Our knowledge base applications and Wikibase requires the three-column semantic triple format, because it can be organised into a graph; relational database managers usually prefer the wide format, because in this case every observed property of a data subject is in one record.
::: callout-note
A `tidy dataset` is black-and-white, and each table cells contains one element of knowledge that cannot be further divided.
:::
If your table is tidy, it will be easy to reuse in relational or graph database, or it can import easily into a spreadsheet or statistical program. Any further formatting with colours, divided columns, merged rows will stop the data portability, because only you will know why columns or rows are merged, divided, or coloured.
## Markup text {#sec-markup-text}
We create interconnected, interoperable (web) resources. We want to ensure that our research results are findable, accessible, and reusable. It must work in Word and Works, Notebook and VIM, Windows, MacOS, and Linux, with Latvian, English, Greek, and Thai character sets.
The World Wide Web has been a source of high interoperability and findability in the last 30 years, with the introduction of the HTTP protocol and the standardization of the HTML text markup language. We use a much-simplified version of HTML called Markdown.
Markdown text opens on MacOS, Windows, or Linux. It is very easy to translate into HTML, Word, Libre Office, Google Docs, LaTeX, or PDF. Markdown is a simplified HTML text notation that works well with word processors.
{fig-align="center"}
If you want Word output, Word is rendered instead of HTML. You can also create a PDF or EPUB and even a PPTX output.
### Markdown editors
There are countless Markdown editors. Because Markdown is so simple, you can, if you want to, edit markdown files in Notepad, WordPad (Windows) or VIM (Linux).
Most word processors support markdown. For example, Google Docs has a [free extension](https://workspace.google.com/marketplace/app/docs_to_markdown/700168918607) that converts and document from Docs to markdown.
{fig-align="center"}
There are several online Markdown editors that you can use to try writing in Markdown. [Dillinger](https://dillinger.io/) is one of the best online Markdown editors. Just open the site and start typing in the left pane. A preview of the rendered document appears in the right pane.
- [Basic Syntax](https://www.markdownguide.org/basic-syntax/)
- [Extended Syntax](https://www.markdownguide.org/extended-syntax/)
::: callout-tip
### Using Word or Works
You can work on Word, your iWorks suite, or any preferred word processor. However, you will lose margin settings, font typefaces and sizes, background colors, and other finishing touches.
We discourage the use of word processors for footnotes and bibliographic references due to their varying treatment of such metadata. Our systems rely on standard BibLatex bibliographic references and a simple notation for footnotes, ensuring consistency and reliability.
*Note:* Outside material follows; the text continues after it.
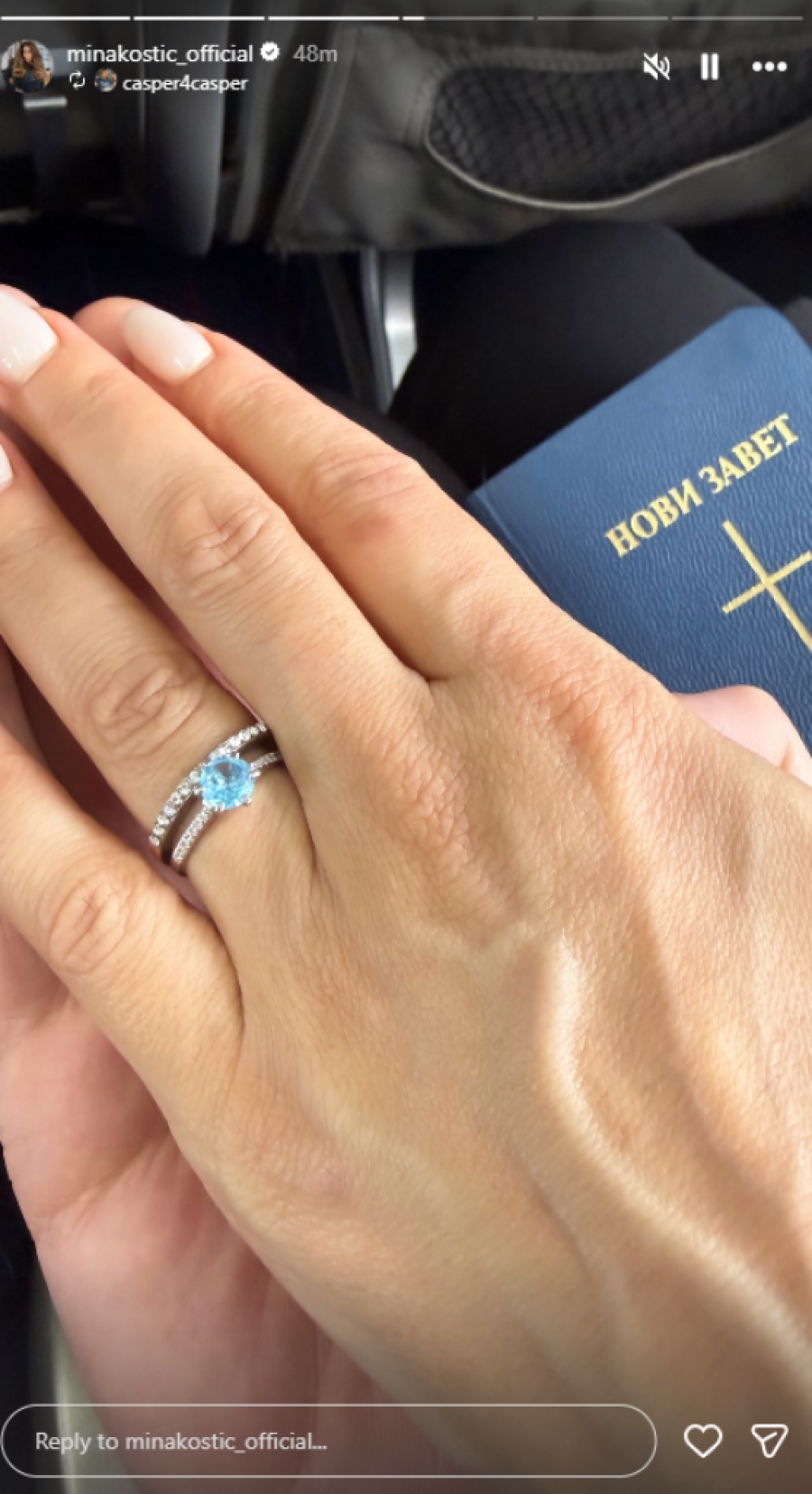 Mina se na svom Instagram profilu oglasila i podelila fotografije sa puta. Prvo je objaviloa fotografiju iz aviona. U prvom planu nalayio se verenički prsten i Manetova ruka, a u pozadini je bila Biblija.

Our recommended markdown editor is Quarto. You can copy and paste text from Word or other word processors into Quarto, and it will retain **bold**, *italics*, and headings.
Remember, we want to create text that machines and people can read, too, to avoid fancy aesthetics. Keep the text fancy (but of course, you can dress it up in Word or Adobe Illustrator later).
:::
### Wikipedia & MediaWiki
The documentation of our knowledge base and terminological agreements is documented in MediaWiki, the software that makes Wikipedia editable, too. It uses a form of markdown for an interoperable and simple editing of interlinked documents, images, and data documents.